Portal Quiz: What is WSRP?

February 5, 2010 at 4:23 pm | Posted in Fun, portals, Standards | 4 Comments

OK, it’s time for a portal quiz: What is WSRP?

Possible answers:

A. A Spanish-language AM radio station in Jacksonville, North Carolina

B. The Republican party state branch covering Microsoft headquarters

C. Web Services for Remote Portlets

D. A research project related to the biblical times of West Semitic peoples

It’s a trick question of course – they’re all true.  If you don’t believe me, see here, here, here, and here (for a fascinating treasure map from biblical times called the “Copper Scroll”!).

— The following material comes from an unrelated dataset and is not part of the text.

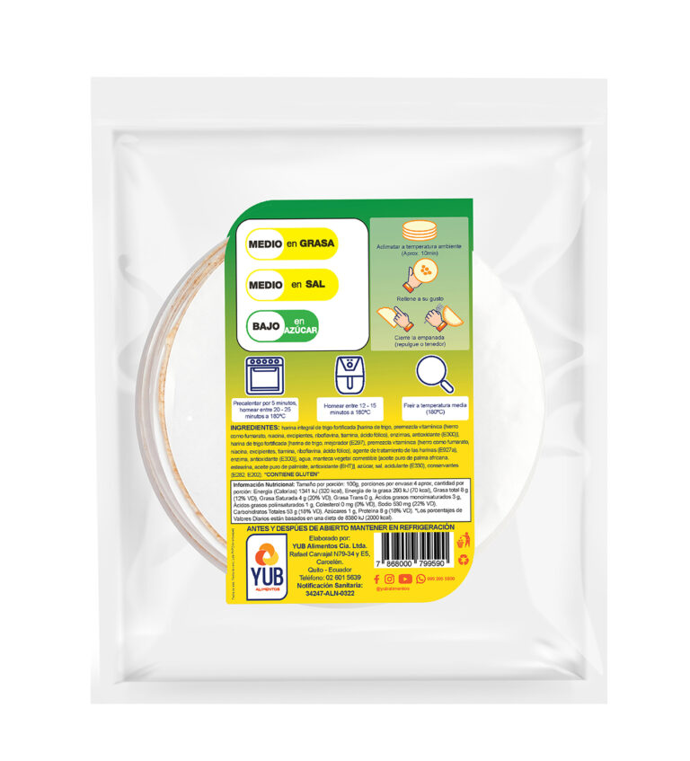 Su alto contenido en fibra nos ayuda a tener una dieta equilibrada. Quedan muy bien fritas y si las prefieres al horno debes tener cuidado con el tiempo de cocción ya que la fibra absorbe la humedad y te pueden quedar duras. Su presentación es de 12 unidades por paquete y su diámetro es de 14.5cm, un tamaño ideal para rellenar a tu gusto. Recomendamos un relleno que tenga una humedad moderada.

Well, now that I lay it out that way, my chosen topic for today – the Web Services for Remote Portlets standard – seems pretty boring.  But I’ll try to carry on.  A rating category called “standards support” has found its way into most portal evaluations I’ve ever helped with.  And WSRP support is usually on there.  Things get murkier when I ask what they really plan on doing with it:  “Well, we’re very into standards here … architectural guidance to use web services … there are a few different portal products in house that we may need to talk together …”

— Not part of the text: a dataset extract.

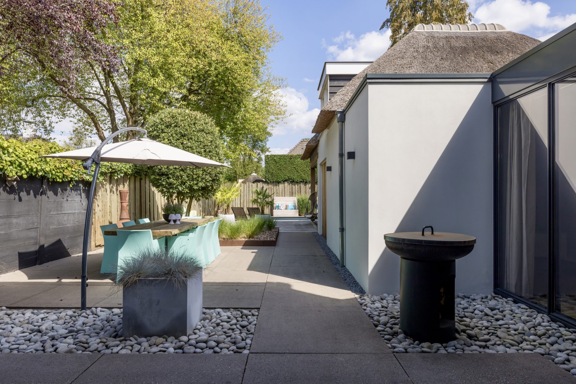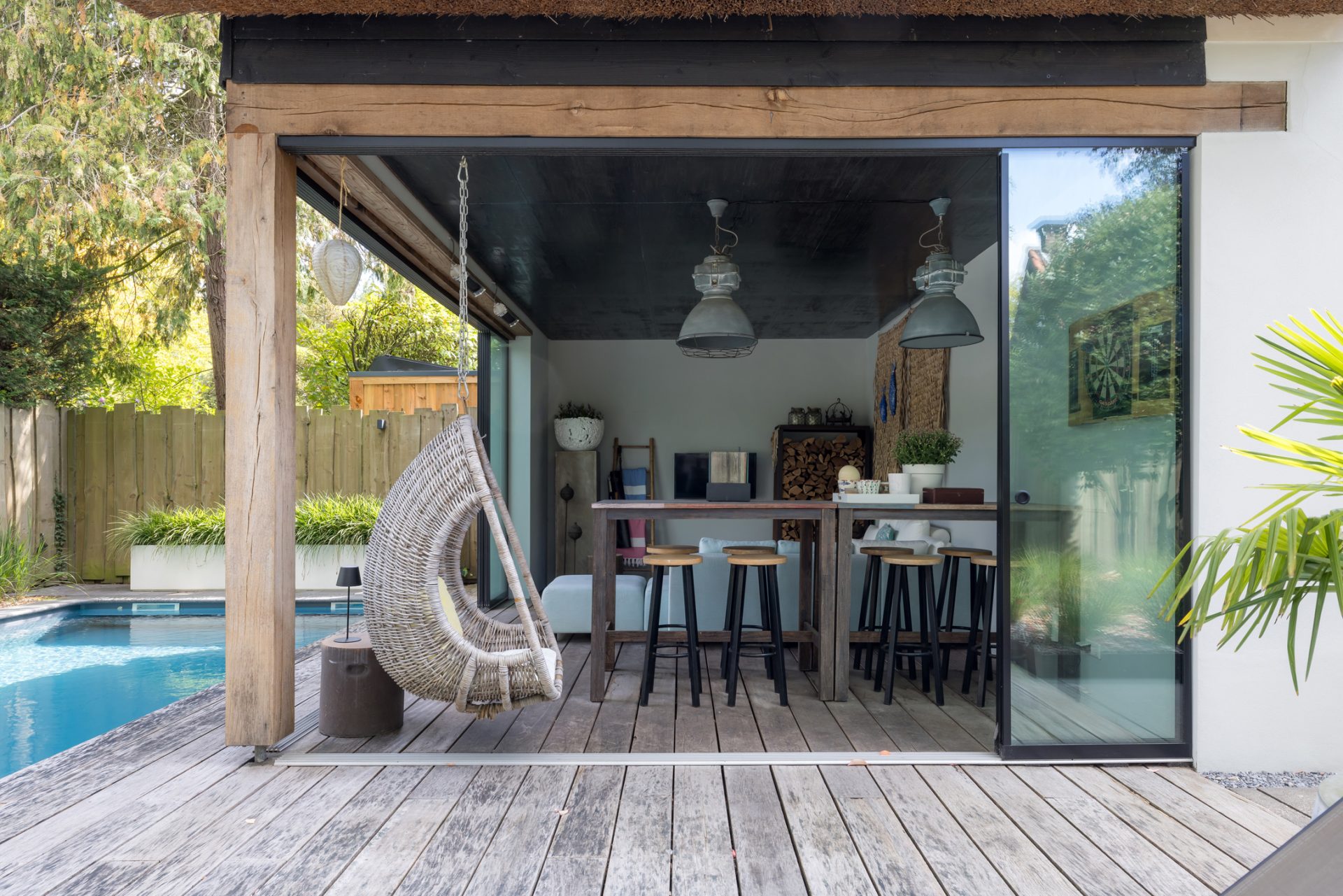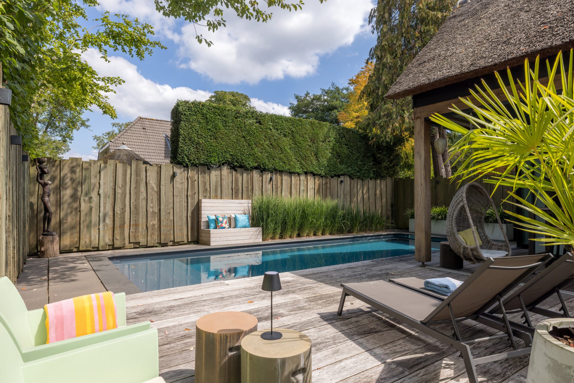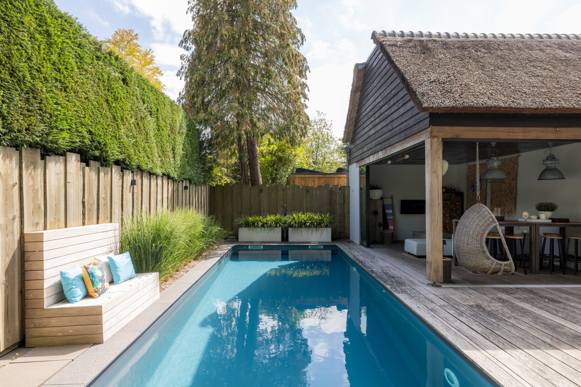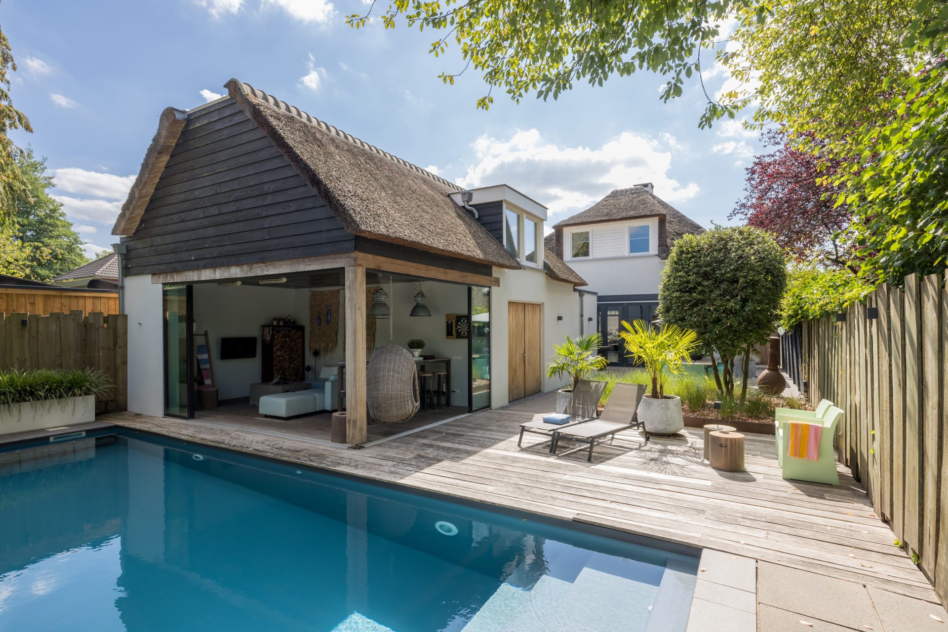 Achter de charmante gevel van deze rietgedekte woning uit ca. 1920 – verscholen tussen het groen en met niets dan rust om zich heen – schuilt een paradijs dat zó fotogeniek is, dat je zou geloven op een tropisch eiland te zijn beland. En toch ben je gewoon in Oisterwijk.

Unfortunately, WSRP shouldn’t just be a quick checkbox item on evaluations. WSRP can be useful, but in a limited set of use cases where it applies. And even if one of those use cases applies, you’ll also need guidance on how security, trust, UI frameworks, and optional services should be used. Usually if you’re just trying to solve portal proliferation problems, developing RESTful services for applications (or RSS/Atom for content) and then writing “last mile” portlets for each portal works better.

So what are those use cases where WSRP makes sense?  I did some digging and found three that hold water:

1. Syndicating a Branded Portlet to Users on Platforms Outside The Syndicator’s Control: This is where it’s not enough to just make the information easily usable in multiple portals, but the branding with it (the exact style, layout, colors, etc) is important too. But keep in mind that there are other choices (like Flash) if branding or formatting integrity—not the formalism associated with a portlet—is all you need.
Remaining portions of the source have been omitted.